• Aim of the exercise:
Print exactly the lines below between the line containing "Added color blue" and the line containing "TBB212型三用机是集22", counting both of those lines. Leave pictures out.

• Dataset entries:
=====

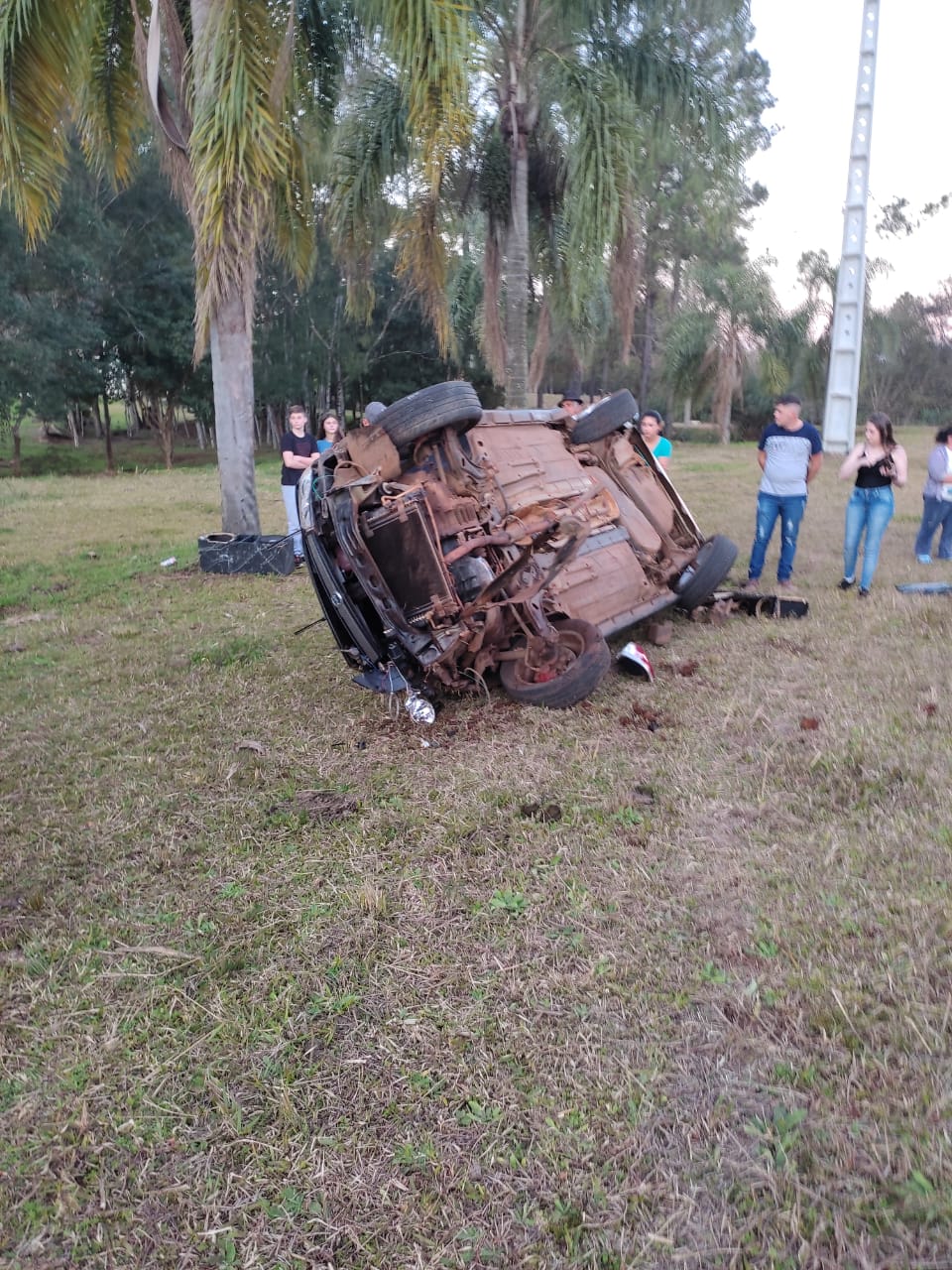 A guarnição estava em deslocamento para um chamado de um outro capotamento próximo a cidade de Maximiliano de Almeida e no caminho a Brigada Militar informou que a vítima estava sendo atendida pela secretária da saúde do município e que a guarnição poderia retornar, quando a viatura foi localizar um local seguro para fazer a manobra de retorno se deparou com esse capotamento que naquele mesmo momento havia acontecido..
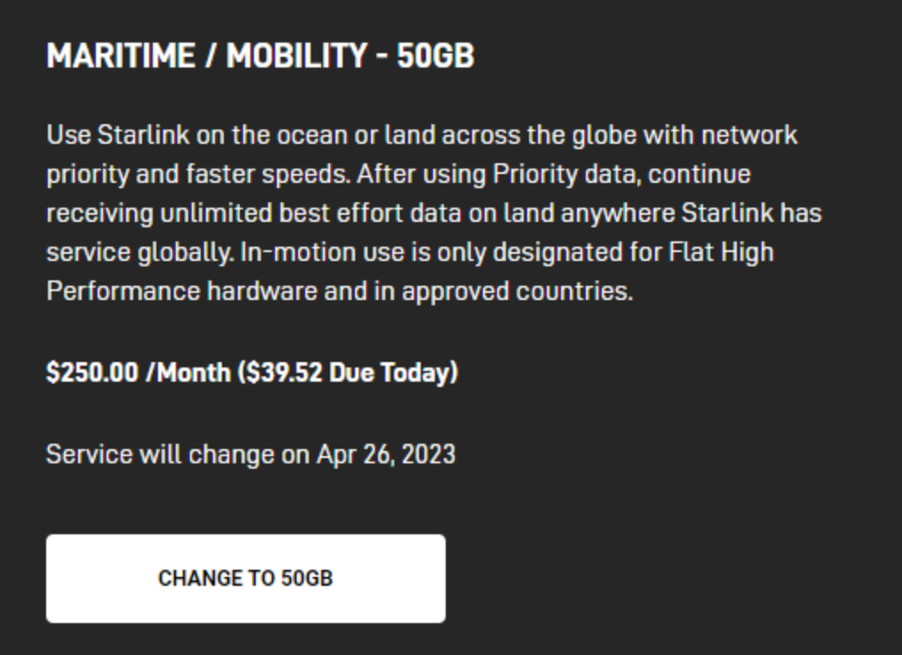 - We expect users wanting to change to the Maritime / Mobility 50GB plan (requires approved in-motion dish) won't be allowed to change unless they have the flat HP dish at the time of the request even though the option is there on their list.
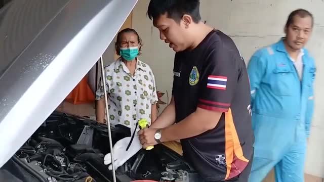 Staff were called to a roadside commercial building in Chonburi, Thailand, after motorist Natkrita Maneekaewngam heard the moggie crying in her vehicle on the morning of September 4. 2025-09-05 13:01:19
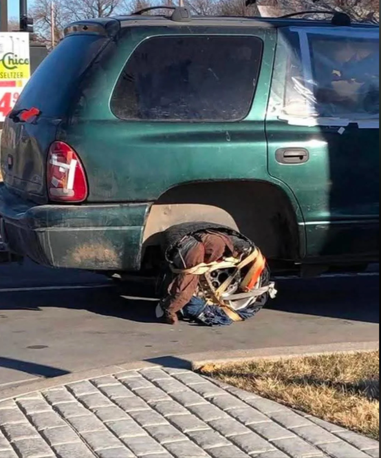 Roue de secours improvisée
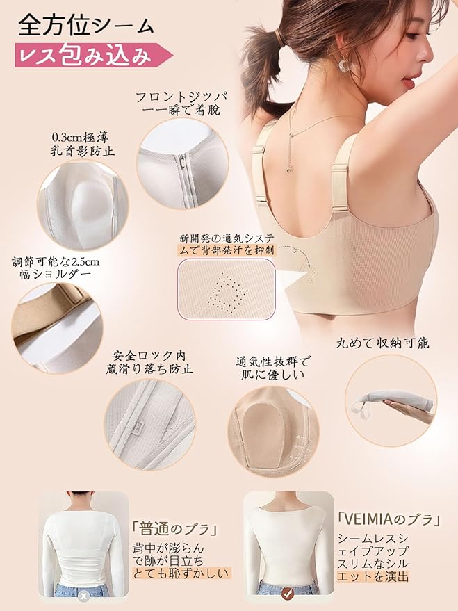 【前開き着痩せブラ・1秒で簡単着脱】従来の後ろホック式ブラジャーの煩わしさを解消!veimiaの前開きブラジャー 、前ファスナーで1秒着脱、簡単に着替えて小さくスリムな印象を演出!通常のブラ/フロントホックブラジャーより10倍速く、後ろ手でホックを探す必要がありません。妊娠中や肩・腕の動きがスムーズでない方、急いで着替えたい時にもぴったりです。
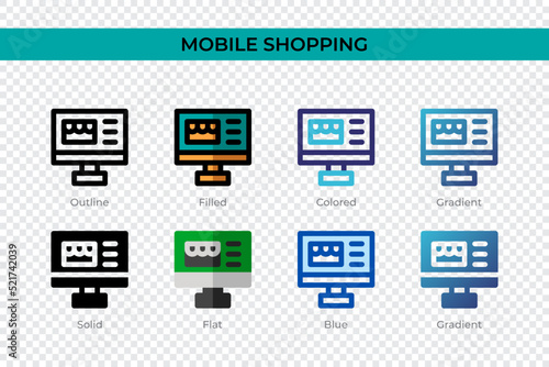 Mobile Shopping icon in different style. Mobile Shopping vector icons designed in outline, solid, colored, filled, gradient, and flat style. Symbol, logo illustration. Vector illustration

=====

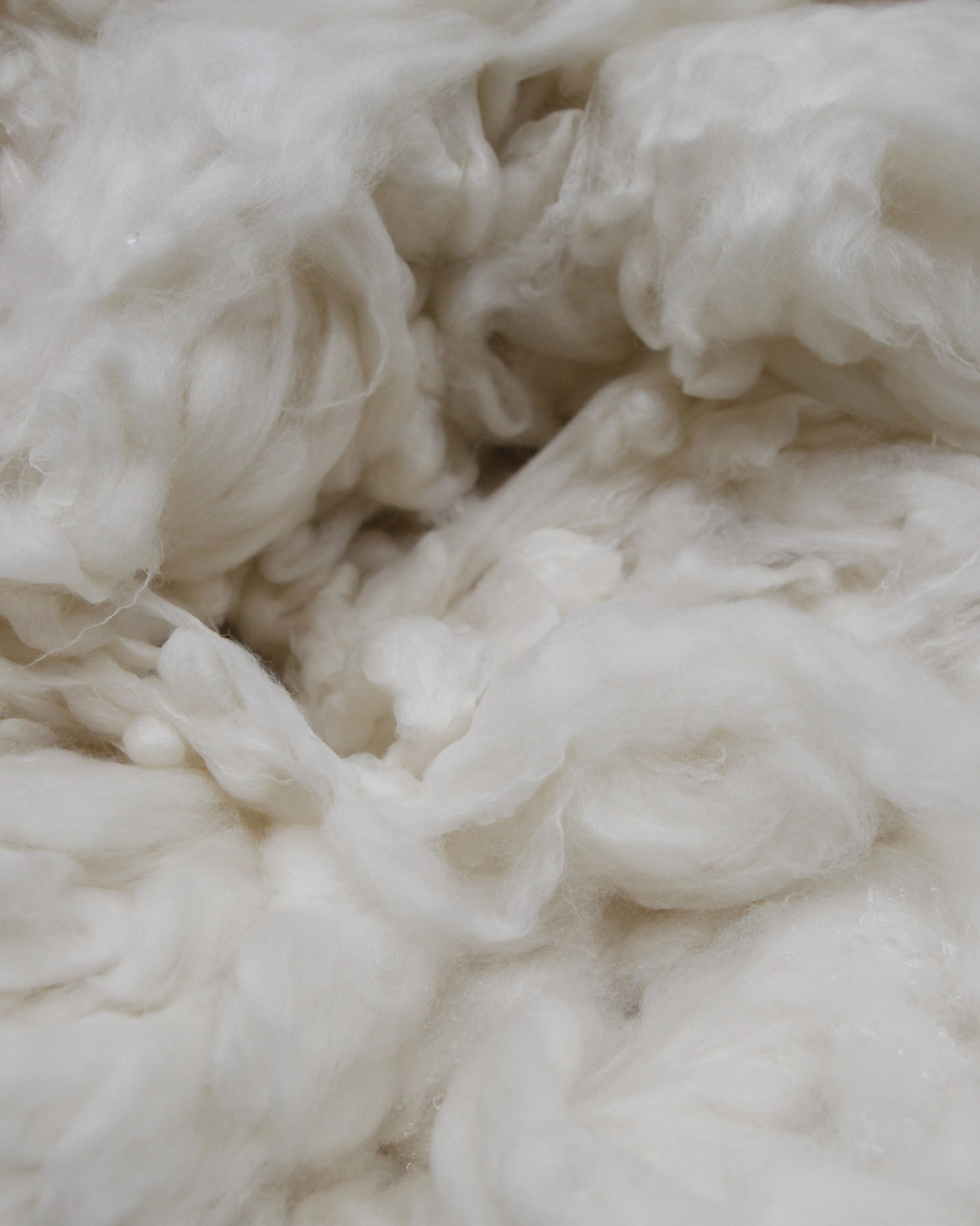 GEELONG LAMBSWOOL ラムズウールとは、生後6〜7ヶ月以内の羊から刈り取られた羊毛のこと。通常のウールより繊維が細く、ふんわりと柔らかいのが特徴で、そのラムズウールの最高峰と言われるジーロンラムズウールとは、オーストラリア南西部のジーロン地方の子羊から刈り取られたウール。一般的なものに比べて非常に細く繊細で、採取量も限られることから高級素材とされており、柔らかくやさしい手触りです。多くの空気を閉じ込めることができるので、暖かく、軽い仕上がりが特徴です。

=====

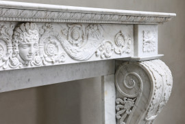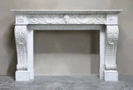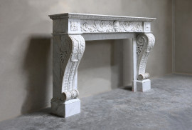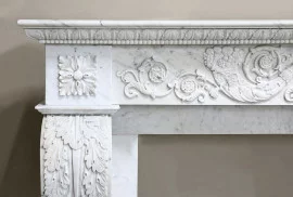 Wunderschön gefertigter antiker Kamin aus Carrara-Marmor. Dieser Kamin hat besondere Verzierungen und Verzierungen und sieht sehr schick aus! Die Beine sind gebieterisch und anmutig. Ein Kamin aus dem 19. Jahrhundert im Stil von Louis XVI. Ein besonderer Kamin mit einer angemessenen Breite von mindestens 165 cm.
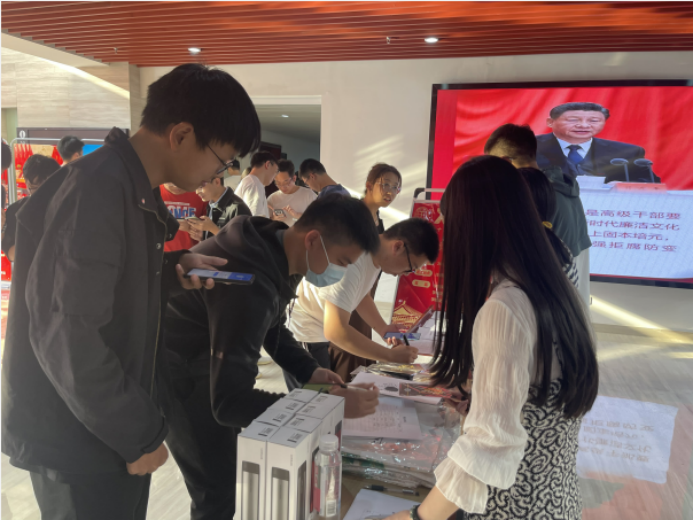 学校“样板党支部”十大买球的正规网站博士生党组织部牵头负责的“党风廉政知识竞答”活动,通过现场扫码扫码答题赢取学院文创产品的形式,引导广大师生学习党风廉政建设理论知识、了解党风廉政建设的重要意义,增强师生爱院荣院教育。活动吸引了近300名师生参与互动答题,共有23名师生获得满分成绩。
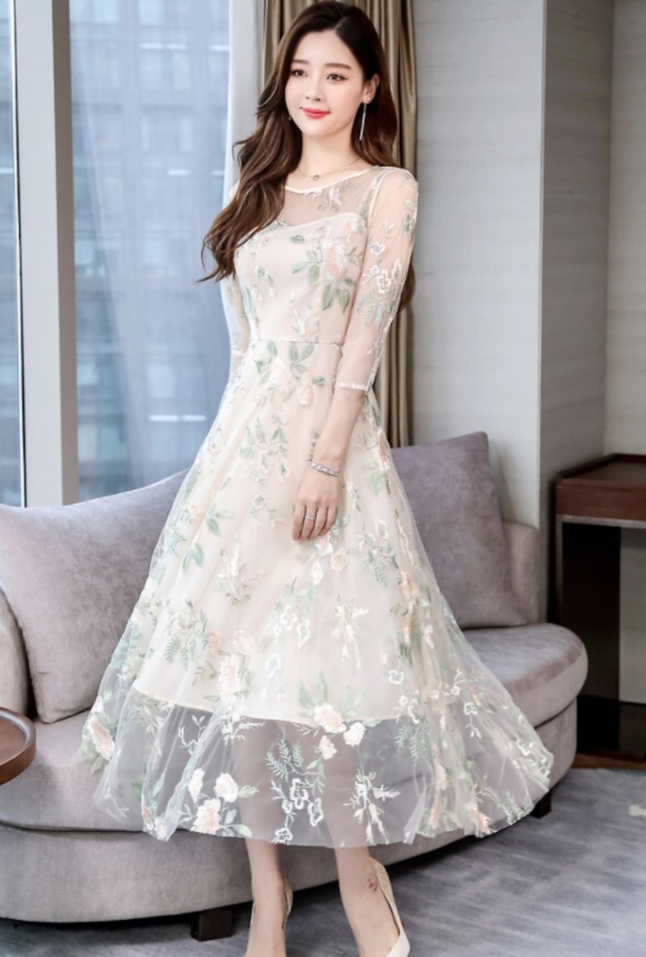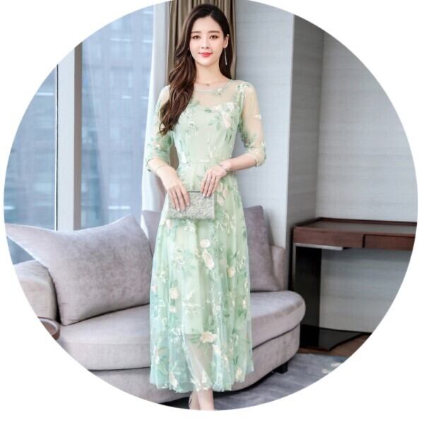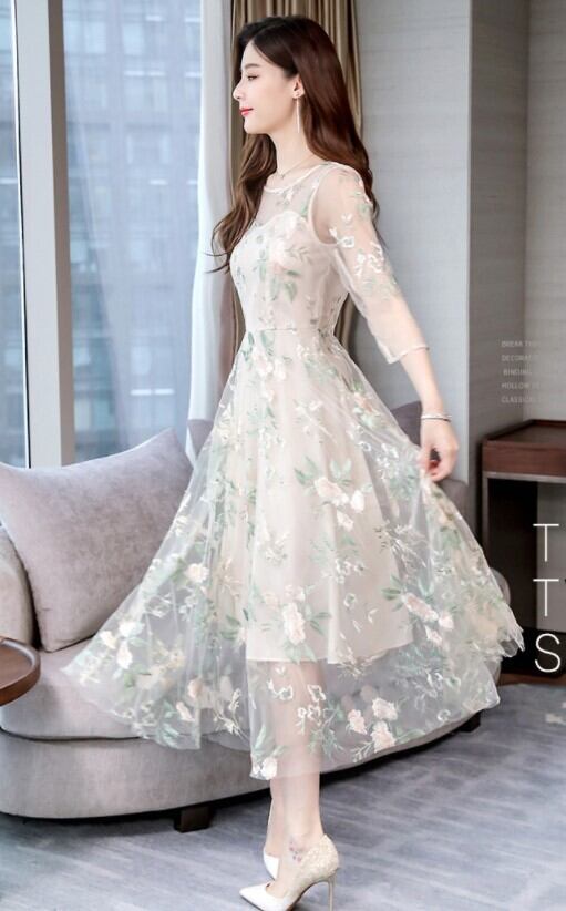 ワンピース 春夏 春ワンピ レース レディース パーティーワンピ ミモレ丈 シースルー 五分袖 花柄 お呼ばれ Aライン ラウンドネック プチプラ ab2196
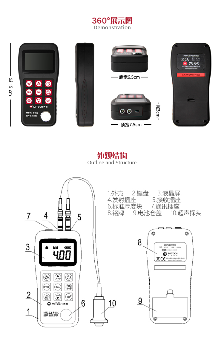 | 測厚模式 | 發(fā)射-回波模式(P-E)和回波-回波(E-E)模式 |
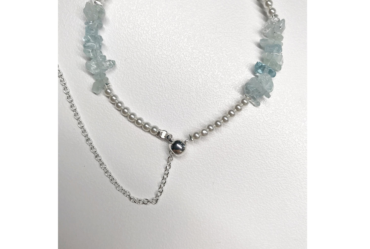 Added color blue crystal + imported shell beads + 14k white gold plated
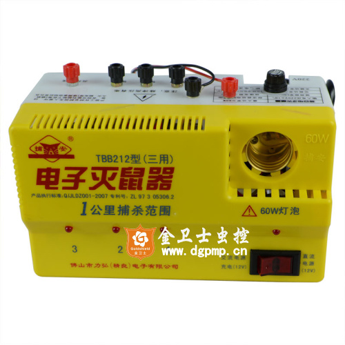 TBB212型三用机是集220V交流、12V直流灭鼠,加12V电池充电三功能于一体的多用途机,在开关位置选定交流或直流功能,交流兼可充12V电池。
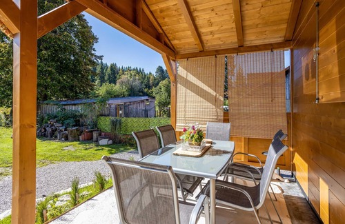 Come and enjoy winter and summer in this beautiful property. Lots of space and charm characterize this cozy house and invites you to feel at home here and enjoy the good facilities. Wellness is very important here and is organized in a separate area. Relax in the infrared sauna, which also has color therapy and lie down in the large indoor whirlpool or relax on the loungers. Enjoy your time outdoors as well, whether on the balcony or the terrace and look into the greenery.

=====

• Written answer:
 Added color blue crystal + imported shell beads + 14k white gold plated
 TBB212型三用机是集220V交流、12V直流灭鼠,加12V电池充电三功能于一体的多用途机,在开关位置选定交流或直流功能,交流兼可充12V电池。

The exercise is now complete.